# WHAT TO DO
Could you reproduce the lines below from the one with "to Buenos Aires" through the one with "A deep style"? Keep both ends and add nothing.

---

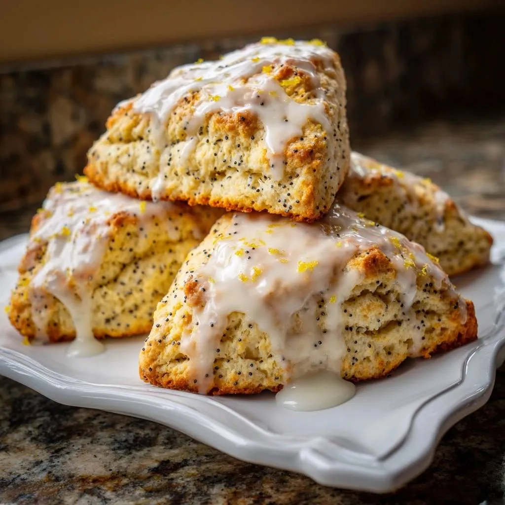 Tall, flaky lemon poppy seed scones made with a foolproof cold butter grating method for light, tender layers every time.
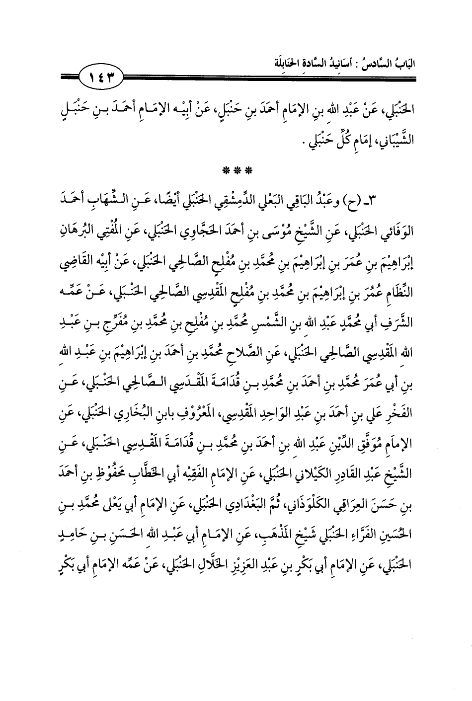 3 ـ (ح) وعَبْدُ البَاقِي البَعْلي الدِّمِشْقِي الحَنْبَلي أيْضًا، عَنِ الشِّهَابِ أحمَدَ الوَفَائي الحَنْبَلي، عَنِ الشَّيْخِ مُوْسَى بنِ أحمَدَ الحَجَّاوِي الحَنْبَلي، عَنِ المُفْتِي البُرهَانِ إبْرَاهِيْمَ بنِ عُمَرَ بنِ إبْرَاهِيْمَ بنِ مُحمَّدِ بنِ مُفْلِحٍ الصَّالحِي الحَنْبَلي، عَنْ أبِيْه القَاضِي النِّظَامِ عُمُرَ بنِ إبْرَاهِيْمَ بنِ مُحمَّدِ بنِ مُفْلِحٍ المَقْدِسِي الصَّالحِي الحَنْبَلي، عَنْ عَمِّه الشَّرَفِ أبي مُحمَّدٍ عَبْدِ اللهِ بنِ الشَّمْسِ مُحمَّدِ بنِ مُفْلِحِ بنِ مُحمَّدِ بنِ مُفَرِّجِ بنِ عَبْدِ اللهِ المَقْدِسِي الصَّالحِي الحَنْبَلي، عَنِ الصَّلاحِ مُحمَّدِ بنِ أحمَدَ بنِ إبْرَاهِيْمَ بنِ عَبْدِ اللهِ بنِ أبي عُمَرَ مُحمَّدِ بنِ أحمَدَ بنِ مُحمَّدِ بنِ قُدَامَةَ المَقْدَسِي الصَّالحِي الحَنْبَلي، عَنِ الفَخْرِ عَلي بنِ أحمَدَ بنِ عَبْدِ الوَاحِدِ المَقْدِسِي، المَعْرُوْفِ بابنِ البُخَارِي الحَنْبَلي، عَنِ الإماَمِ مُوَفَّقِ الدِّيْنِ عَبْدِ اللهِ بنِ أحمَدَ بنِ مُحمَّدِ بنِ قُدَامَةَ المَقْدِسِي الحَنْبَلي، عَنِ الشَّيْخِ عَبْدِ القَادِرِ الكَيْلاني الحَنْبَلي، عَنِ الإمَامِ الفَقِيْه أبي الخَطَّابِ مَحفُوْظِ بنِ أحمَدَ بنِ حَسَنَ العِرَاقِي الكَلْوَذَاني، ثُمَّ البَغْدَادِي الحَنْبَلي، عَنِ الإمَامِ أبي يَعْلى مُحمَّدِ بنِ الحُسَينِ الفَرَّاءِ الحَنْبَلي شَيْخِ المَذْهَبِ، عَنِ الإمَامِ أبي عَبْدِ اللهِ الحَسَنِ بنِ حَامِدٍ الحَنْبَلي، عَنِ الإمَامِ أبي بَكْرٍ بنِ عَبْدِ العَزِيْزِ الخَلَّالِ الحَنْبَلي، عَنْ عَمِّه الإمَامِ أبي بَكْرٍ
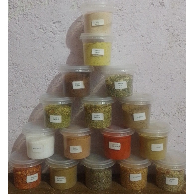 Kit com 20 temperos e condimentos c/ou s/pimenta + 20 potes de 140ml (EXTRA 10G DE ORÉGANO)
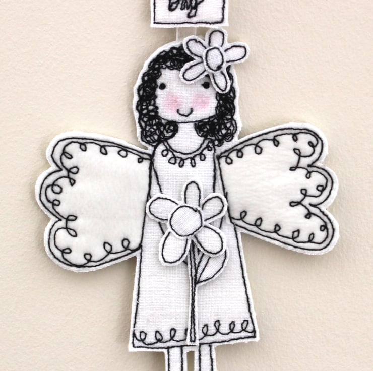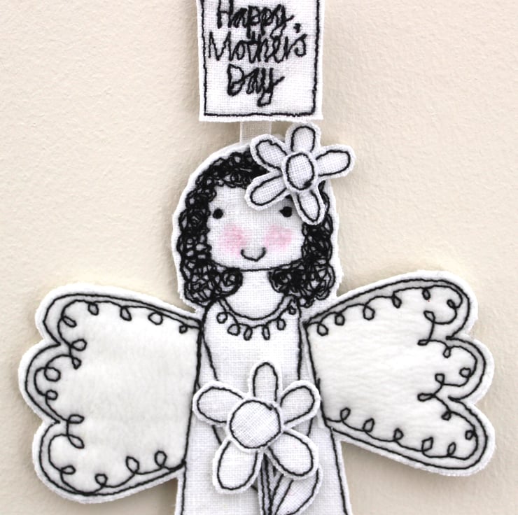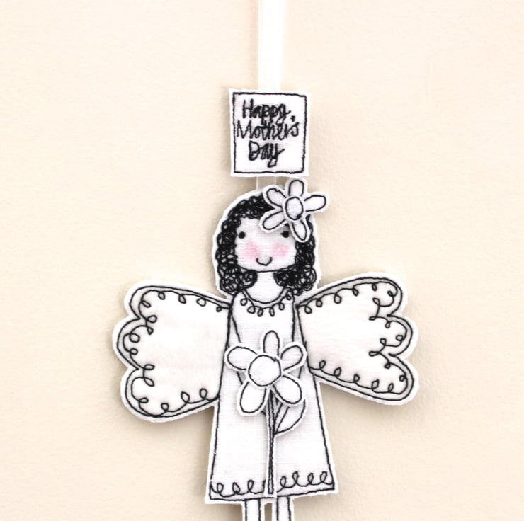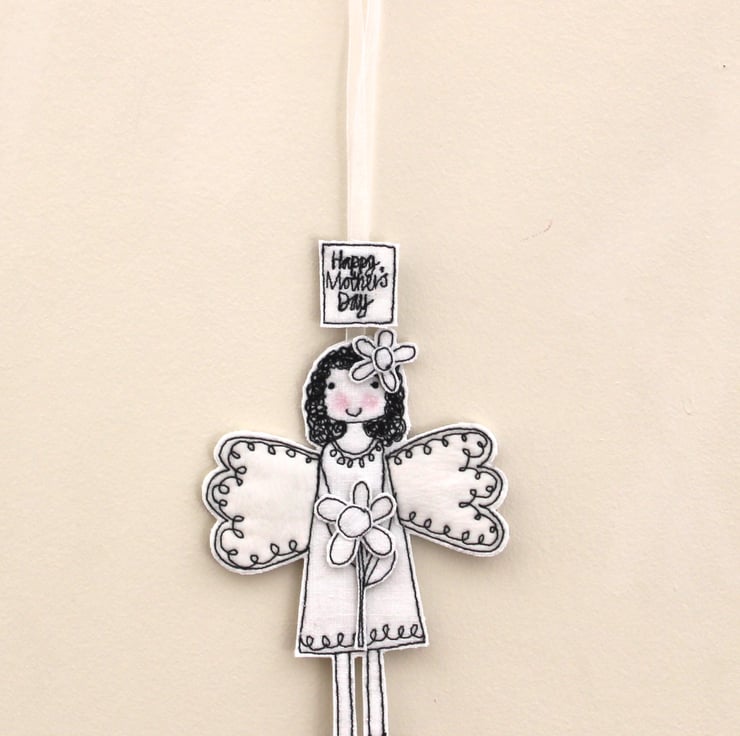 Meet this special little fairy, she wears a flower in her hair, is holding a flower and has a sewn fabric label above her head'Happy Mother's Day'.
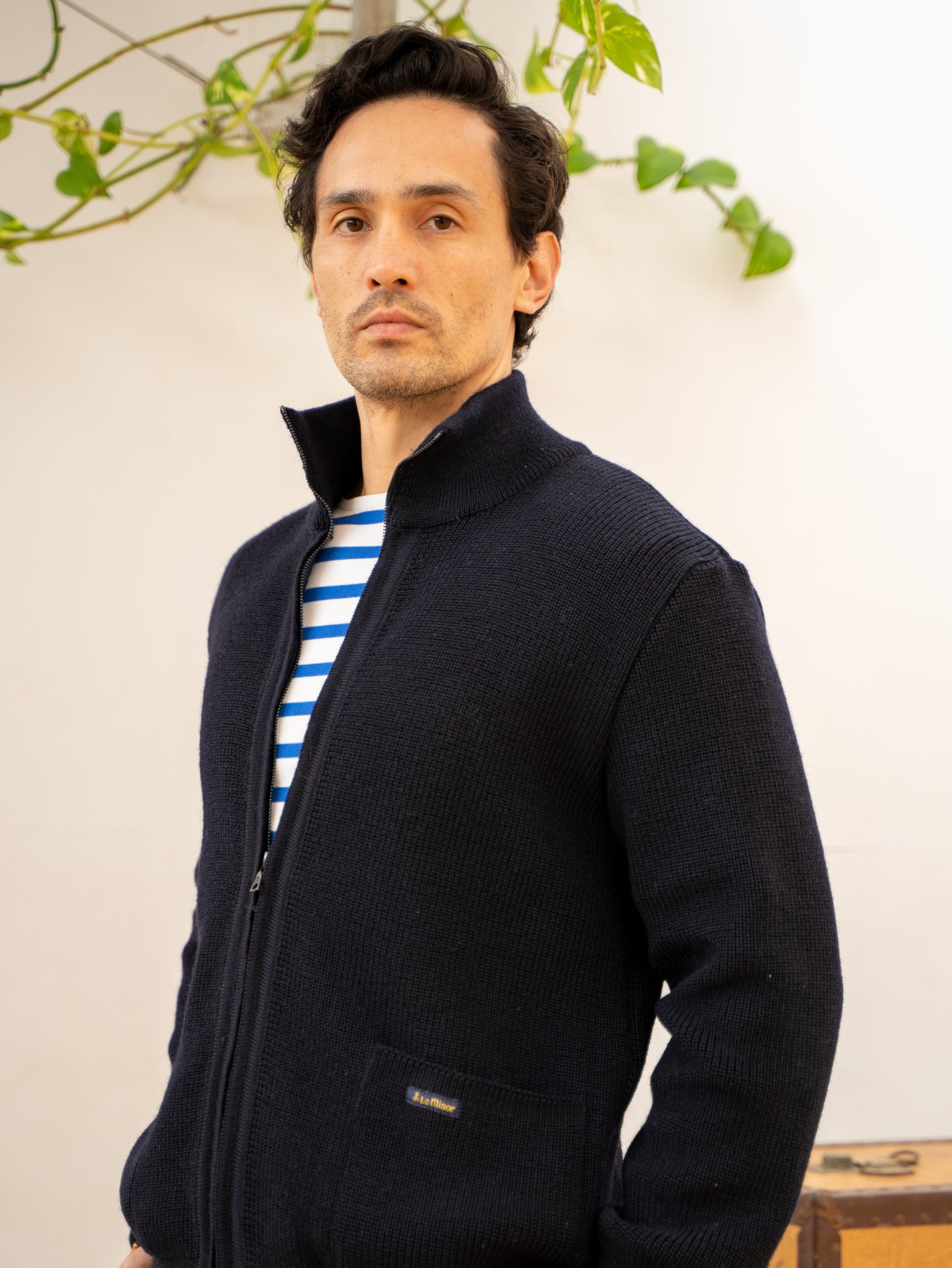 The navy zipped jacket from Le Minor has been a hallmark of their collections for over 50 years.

---

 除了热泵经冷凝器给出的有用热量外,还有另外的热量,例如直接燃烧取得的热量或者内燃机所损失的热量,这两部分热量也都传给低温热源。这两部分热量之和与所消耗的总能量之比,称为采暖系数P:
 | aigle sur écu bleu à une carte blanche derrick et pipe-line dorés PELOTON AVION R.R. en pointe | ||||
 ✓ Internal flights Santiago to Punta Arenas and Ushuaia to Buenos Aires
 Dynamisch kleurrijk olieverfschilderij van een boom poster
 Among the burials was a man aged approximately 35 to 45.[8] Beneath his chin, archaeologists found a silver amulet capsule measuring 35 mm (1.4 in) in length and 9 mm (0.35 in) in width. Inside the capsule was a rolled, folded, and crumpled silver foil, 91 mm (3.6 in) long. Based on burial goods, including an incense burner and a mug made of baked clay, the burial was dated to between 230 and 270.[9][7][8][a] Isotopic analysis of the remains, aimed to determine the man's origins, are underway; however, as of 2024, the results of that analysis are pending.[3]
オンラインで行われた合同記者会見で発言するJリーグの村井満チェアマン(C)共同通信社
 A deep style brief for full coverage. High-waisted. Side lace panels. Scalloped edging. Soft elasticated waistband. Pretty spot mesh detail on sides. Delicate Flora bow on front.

---

# ANSWER SECTION
 ✓ Internal flights Santiago to Punta Arenas and Ushuaia to Buenos Aires
 Dynamisch kleurrijk olieverfschilderij van een boom poster
 Among the burials was a man aged approximately 35 to 45.[8] Beneath his chin, archaeologists found a silver amulet capsule measuring 35 mm (1.4 in) in length and 9 mm (0.35 in) in width. Inside the capsule was a rolled, folded, and crumpled silver foil, 91 mm (3.6 in) long. Based on burial goods, including an incense burner and a mug made of baked clay, the burial was dated to between 230 and 270.[9][7][8][a] Isotopic analysis of the remains, aimed to determine the man's origins, are underway; however, as of 2024, the results of that analysis are pending.[3]
オンラインで行われた合同記者会見で発言するJリーグの村井満チェアマン(C)共同通信社
 A deep style brief for full coverage. High-waisted. Side lace panels. Scalloped edging. Soft elasticated waistband. Pretty spot mesh detail on sides. Delicate Flora bow on front.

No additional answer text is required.